Hello, I'm the fortunate owner of Cythera (hull 992M). She was born Alden green, however the previous owner had her topsides refinished using a custom Awlgrip Deep Turquoise (H5332). I'm obviously partial, but I can assure you she catches everyone's eye where ever we sail. Good luck!

Capt Barry


----------



## sharedwatch (Aug 9, 2008)

Great Looking Boat Barry.

I have painted her a bit more boring white but it came out very nice. I'll post some pics after I pull them off the camera.

JZ


----------



## bljones (Oct 13, 2008)

"There are only two colors to paint a boat, black or white, and only a fool would paint a boat black." -Nathanael G. Herreshoff

Great designer, lousy eye for colour, IMO.

Blue and gold makes even cheap boats look good. And it makes old teak look great.


----------



## DNile (Jan 31, 2010)

*my new "yacht"...*

this is my new 1987 Com-Pac 19/2, awlgrip deck and topsides...
bottom is black, topside color is jade mist green and top deck is oyster white.
i'll post the pics in the next post...


----------



## DNile (Jan 31, 2010)

*my new "yacht"...the pictures*


----------



## SecondWindNC (Dec 29, 2008)

DNile you may be running into the restriction on posting pictures until you have 5 posts.

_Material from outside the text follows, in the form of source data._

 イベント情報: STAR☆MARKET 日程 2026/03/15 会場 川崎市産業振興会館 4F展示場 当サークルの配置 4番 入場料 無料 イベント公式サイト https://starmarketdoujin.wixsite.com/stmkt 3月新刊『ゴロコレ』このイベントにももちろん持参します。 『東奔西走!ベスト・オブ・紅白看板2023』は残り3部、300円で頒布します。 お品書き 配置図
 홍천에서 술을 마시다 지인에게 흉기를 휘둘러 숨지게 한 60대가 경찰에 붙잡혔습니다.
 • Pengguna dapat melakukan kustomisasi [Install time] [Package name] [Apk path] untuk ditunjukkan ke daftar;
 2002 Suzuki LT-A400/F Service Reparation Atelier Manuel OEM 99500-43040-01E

But you're almost there!


----------



## DNile (Jan 31, 2010)

oh...
actually it said it was a minimum of 2 posts!
not sure what happened!
i'm gonna try again...

edit..
when i upload the pix, they show up, but then they seem to get lost!


----------



## DNile (Jan 31, 2010)

alrught,
i think i worked it out, so here are my pictures...


----------



## Sailphast scituate (Mar 8, 2013)

Maine sail,
What all grip color did you use? Trying to do that stars and strip blue but can not decide on which shade is the closest?


----------



## Maine Sail (Jan 6, 2003)

Sailphast scituate said:


> Maine sail,
> What all grip color did you use? Trying to do that stars and strip blue but can not decide on which shade is the closest?


The color is called "Stars & Stripes Blue" it is an Awlgrip custom color you won't likely find on the color chart. Alexseal shows it on theirs but Awlgrip does not, unless they recently added it.


----------